One day one of the younger girls, who is out-of-bounds, spies a loom in the front room of the Rose, and tells the others. Sonia is wild to see it more closely and the girls decide to—it’s hard to believe this!—sneak downstairs in the middle of the night, go out-of-bounds —that is, impugning their honor to obey the rules—and commit a little B&E. Robin Brent tries hard to dissuade them from this bad idea. Rhoda is uneasy about the project but goes anyway as part of the group. The girls enter the cottage to see a lovely piece of white material shot with gold and silver on the loom. Gail Alwyn comes down and tells them to go home. Then Rosamund, in a jolly blue kimono and with her hair in long fair plaits, comes down to see what the noise is. Rhoda has just picked up a piece of paper that she assumes is instructions for the weaving pattern, but is actually a letter from Maidlin. Rosamund is furious and accuses Rhoda of reading her letter (a cardinal sin in Victorian England, but also she wonders if Rhoda has deduced who she is and is trying to find some dirt on the future Countess), and Rhoda denies it. After everyone calms down and cocoa is served, a teacher from the school, Lisbeth Durant, comes in; she had seen the girls leaving the school building, but it took her some time to dress and figure out where they went. She carelessly reveals Rosamund’s last name and Rhoda turns white with rage when she realizes that this jolly dance teacher is the horrid interloper. The girls leave, and the adults promise that they won’t tell the Head of School. Rosamund weeps when they leave. Rosamund has been aware all along that Rhoda hates her, and she has convinced the Head not to reveal who she is, hoping that she can get Rhoda to change her mind before she reveals her identity.
(Above: Rosamund is in a red kimono. Dark-haired Rhoda is seated and it is probably Tamzine wearing the school jacket and tie. This illustrator did not get the Land Army uniform memo! BTW, that is not my thumb.)
While her friends try to convince her to play nice, Rhoda remains adamant in her rage and dislike of Rosamund. The latter finishes the piece of material–it is for Maidlin, for her upcoming singing debut at the Queen’s Hall under the baton of Sir Ivor Llewellyn, Lady Joy Shirley Marchwood’s fiancé. The other girls come to apologize again, and Rosamund sends them back to school, urging them not to go via the commons, as a developer has cut down many trees, leaving the great top-heavy pines dangerously exposed. A storm with high winds is arriving. Rhoda also appears at the cottage and angrily confronts Rosamund. As Rhoda jerkily moves to leave the room, she bumps into the writing table and knocks ink onto the material, ruining it. Rosamund speaks harshly to Rhoda, who runs out of the cottage, sobbing.
Rosamund works to compose herself.
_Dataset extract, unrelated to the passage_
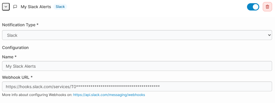 Enter the webhook URL for your Slack integration. You can learn more about how to configure this in the Slack API documentation.

After a while she realizes that Rhoda is not really to blame; that it was an accident and not done on purpose. She scribbles a note of apology (in pencil! Nice touch, Elsie!) and takes it up to the school, where Rhoda is not to be found. Rosamund intuits that Rhoda has run to the commons so as not to be easily discovered, and she goes after her, despite the high winds. She starts to lead Rhoda to safety, but the girl trips and, before she can recover, a large tree named Adam, falls and pins her down. Another tree, Eve, is swaying dangerously and is certain to fall soon. Rhoda urges Rosamund to flee, on her own account as well as Geoffrey’s and her brother’s, but Rosamund refuses to leave her alone. They wait for Eve to fall and Rosamund hopes that she’ll be killed outright, rather than left crippled. Here EJO shows us without telling us that Rosamund is playing up and playing the game as well as being true to the motto of the Hamlet Club. The tree does crash, but lands on the first tree. Rosamund is briefly knocked out, but the girls are safe.
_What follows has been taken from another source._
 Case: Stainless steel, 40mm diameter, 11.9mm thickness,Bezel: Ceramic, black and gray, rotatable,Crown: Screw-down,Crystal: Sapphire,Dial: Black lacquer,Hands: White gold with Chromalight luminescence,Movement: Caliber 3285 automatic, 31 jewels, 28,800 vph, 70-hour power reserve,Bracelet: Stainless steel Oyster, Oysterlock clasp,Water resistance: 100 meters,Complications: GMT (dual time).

Adam and Eve and the fall of the trees—man’s fall from Eden? Oxenham rarely indulges in overt religious symbolism, but this could be one of the times, although I am still puzzling over it. Oxenham liked to give her heroines a Problem to resolve—and Lady Rhoda’s is pride. Rhoda has to be humbled by Rosamund’s generosity with regard to the ruined fabric and her gallantry in staying with Rhoda in the face of danger and possible death before she can achieve peace of mind and happiness.
The gardener and other men arrive and help the girls back to the school. Rhoda apologizes profusely for ruining the dress, but Rosamund assures her that Maidlin will prefer the reconciliation to the material, as indeed she does. Rhoda becomes completely reconciled to Rosamund and also confesses to the other girls that it was she who had ruined Maidlin’s gown. Rhoda and Rosalie offer to be bridesmaids at Rosamund’s wedding.
For Folk Dancers
This installment has quite a lot on dance: both on some new dances that Rosamund teaches the girls as well as the style of teaching and some of the comments on dance style itself.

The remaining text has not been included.